== YOUR INSTRUCTIONS ==
Copy the following data exactly and drop the pictures.

== COLLECTED DATA ==
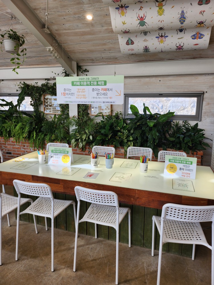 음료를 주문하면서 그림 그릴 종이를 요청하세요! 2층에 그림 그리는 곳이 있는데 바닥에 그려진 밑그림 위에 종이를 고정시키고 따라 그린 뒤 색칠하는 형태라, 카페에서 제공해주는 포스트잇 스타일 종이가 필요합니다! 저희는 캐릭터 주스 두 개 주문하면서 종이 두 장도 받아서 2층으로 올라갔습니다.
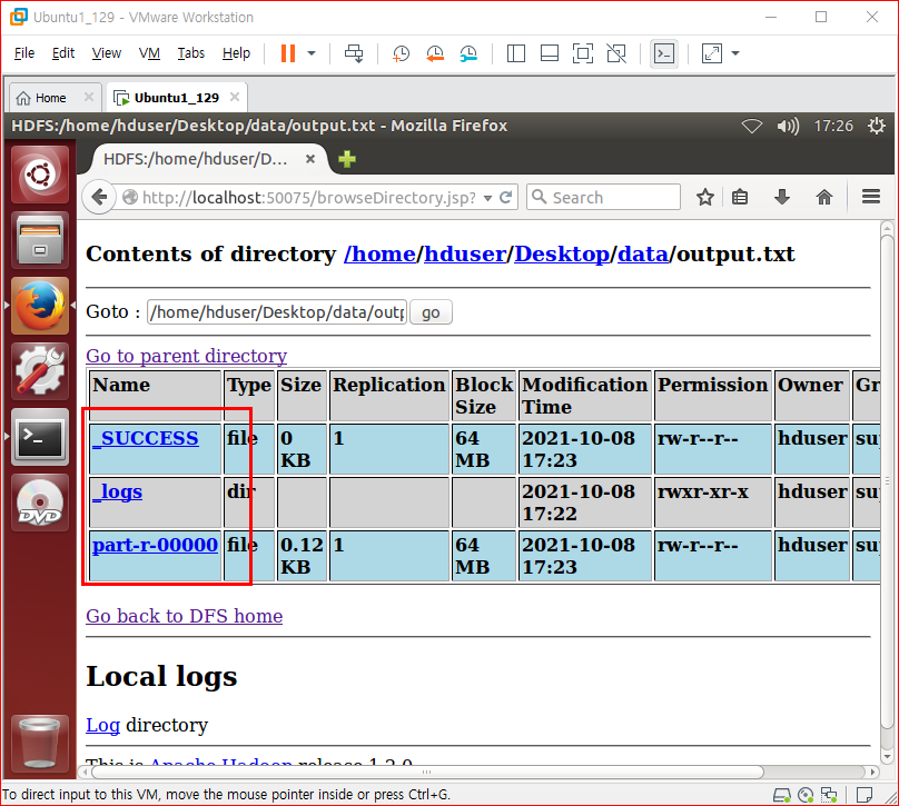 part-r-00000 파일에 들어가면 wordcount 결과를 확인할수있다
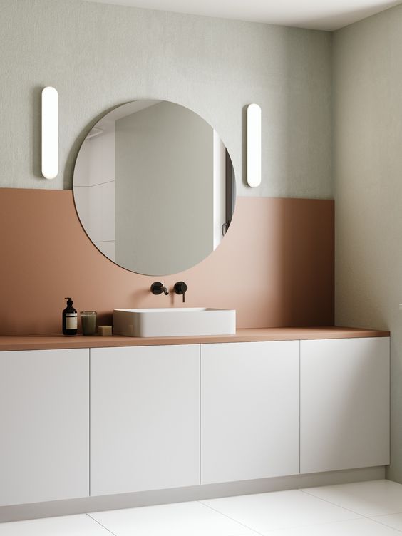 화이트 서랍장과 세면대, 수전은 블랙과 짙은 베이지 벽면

== SOLUTION ==
 음료를 주문하면서 그림 그릴 종이를 요청하세요! 2층에 그림 그리는 곳이 있는데 바닥에 그려진 밑그림 위에 종이를 고정시키고 따라 그린 뒤 색칠하는 형태라, 카페에서 제공해주는 포스트잇 스타일 종이가 필요합니다! 저희는 캐릭터 주스 두 개 주문하면서 종이 두 장도 받아서 2층으로 올라갔습니다.
 part-r-00000 파일에 들어가면 wordcount 결과를 확인할수있다
 화이트 서랍장과 세면대, 수전은 블랙과 짙은 베이지 벽면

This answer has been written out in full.